§ Work to complete: No pictures belong in the copy. Retype exactly, and only, the stretch of lines below from the one with "Foto 7: MODULO" through the one with "Chaque année au".
[[ Input for this task open ]]
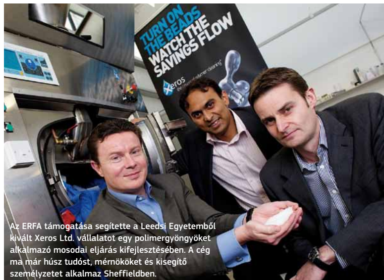
Az ERFA támogatása segítette a Leedsi Egyetemből kivált Xeros Ltd. vállalatot egy polimergyöngyök alkalmazó mosodai eljárás kifejlesztésében. A cég ma már húsz tudóst, mérnököket és kisegítő személyzetet alkalmaz Sheffieldben.

Ezenkívül tervezzük egy nemzeti szintű uniós növekedési program bevezetését is, amely az ERFA- és ESZA-források 100%-át, valamint az EMVA támogatásának egy részét a helyi partnerek által felvázolt stratégia alapján szétosztja a 39 HVP között. A központi kormány egyszerű ügyintézése lehetővé teszi a HVP-k és a helyi partnerek számára, hogy a 2014-2020 közötti időszakban maximálisan kihasználják a program nyújtotta rugalmasságot azáltal, hogy az egyes befektetési csomagokban összehangolja az ERFA-, ESZA- és EMVA-forrásokat az adott területre jutó finanszírozási keret alapján. A KSK-támogatásokat be fogjuk építeni az országos és a helyi szakpolitikákba, illetve ösztönző eszközökbe, hogy a gazdasági eredmények, illetve az állami/magánérdekek és -finanszírozások a leghatékonyabban felhasználhatók legyenek.
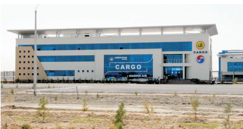
Навоий халқаро аэропортида бир кеча-кундузда 300 тонна қувватга эга бўлган халқаро андозаларга мос юк терминали ишлаб турибди.
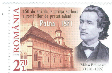
Fig. 1 Portretul lui M. Eminescu pe timbrul cu valoarea de 2,70 lei

La Putna urma să fie primul congres al studenților români de pretutindeni și reprezenta un liant între două generații: generația de la 1848, marcată de afirmarea identității naționale și generația de sacrificiu a Primului Război Mondial.
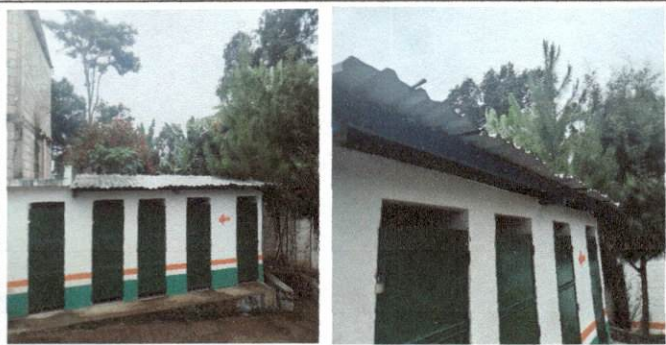
Foto 7: MODULO B Servicios sanitarios, cambio de lamina de zinc y costaneras de metal
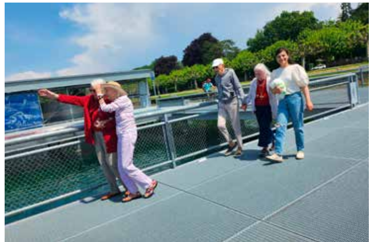
Sortie commune avec la Villa Mona au restaurant de la plage des Eaux-Vives.

Les principales dates du calendrier des évènements de la Maison de la Tour sont présentés en dernière page de ce journal (4e de couverture).
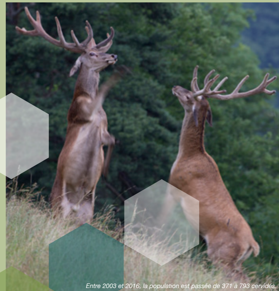
Entre 2003 et 2016, la population est passée de 371 à 793 cervidés.

Chaque année au début du printemps, les chasseurs organisent des comptages nocturnes de cervidés, en concertation avec la Direction départementale de l'agriculture, l'Office national des forêts et la Direction départementale du territoire. La période est idéale car c'est à ce moment que cerfs, biches, faons et autres mammifères à bois descendent des sommets, attirés par l'herbe fraîche, après une longue disette hivernale.
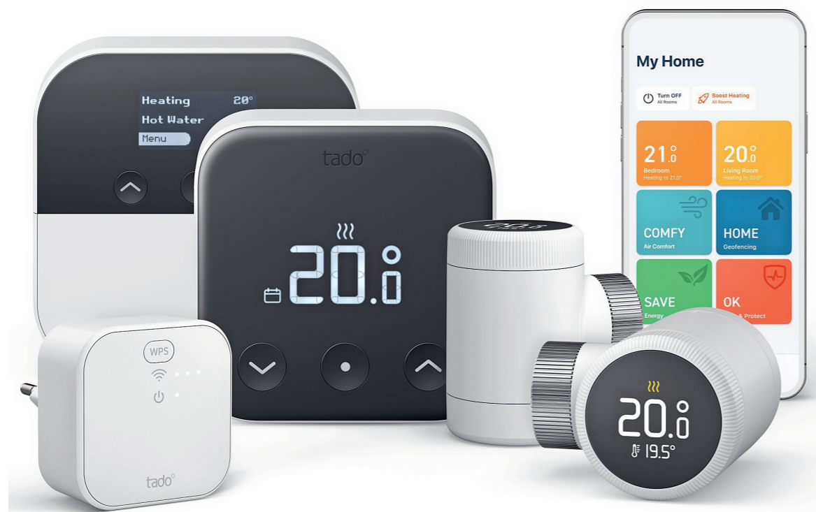
Smarte Thermostate für höhere Effizienz und Einsparungen für Heizungen und Wärmepumpen – die mit September neue erhältliche Produktlinie tado° X für Profis sorgt für noch intelligenteres Heizen und Kühlen: Wärmepumpen-Optimierer X, Bridge-X-Thread-Border-Router, Smartes Thermostat X, Smartes Heizkörper-Thermostat X und tado° App-Steuerung (v. l.).
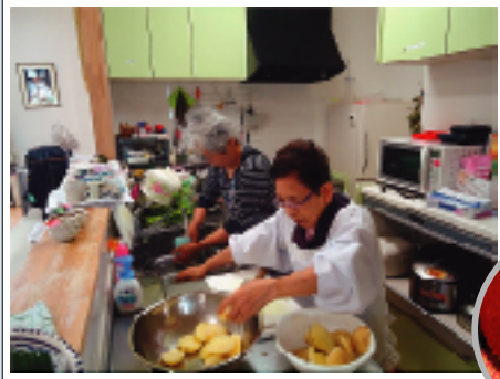
地元の食材で手作りの食事を提供しています。
[[ Input for this task closed ]]
§ Answer section:
Foto 7: MODULO B Servicios sanitarios, cambio de lamina de zinc y costaneras de metal
Sortie commune avec la Villa Mona au restaurant de la plage des Eaux-Vives.

Les principales dates du calendrier des évènements de la Maison de la Tour sont présentés en dernière page de ce journal (4e de couverture).
Entre 2003 et 2016, la population est passée de 371 à 793 cervidés.

Chaque année au début du printemps, les chasseurs organisent des comptages nocturnes de cervidés, en concertation avec la Direction départementale de l'agriculture, l'Office national des forêts et la Direction départementale du territoire. La période est idéale car c'est à ce moment que cerfs, biches, faons et autres mammifères à bois descendent des sommets, attirés par l'herbe fraîche, après une longue disette hivernale.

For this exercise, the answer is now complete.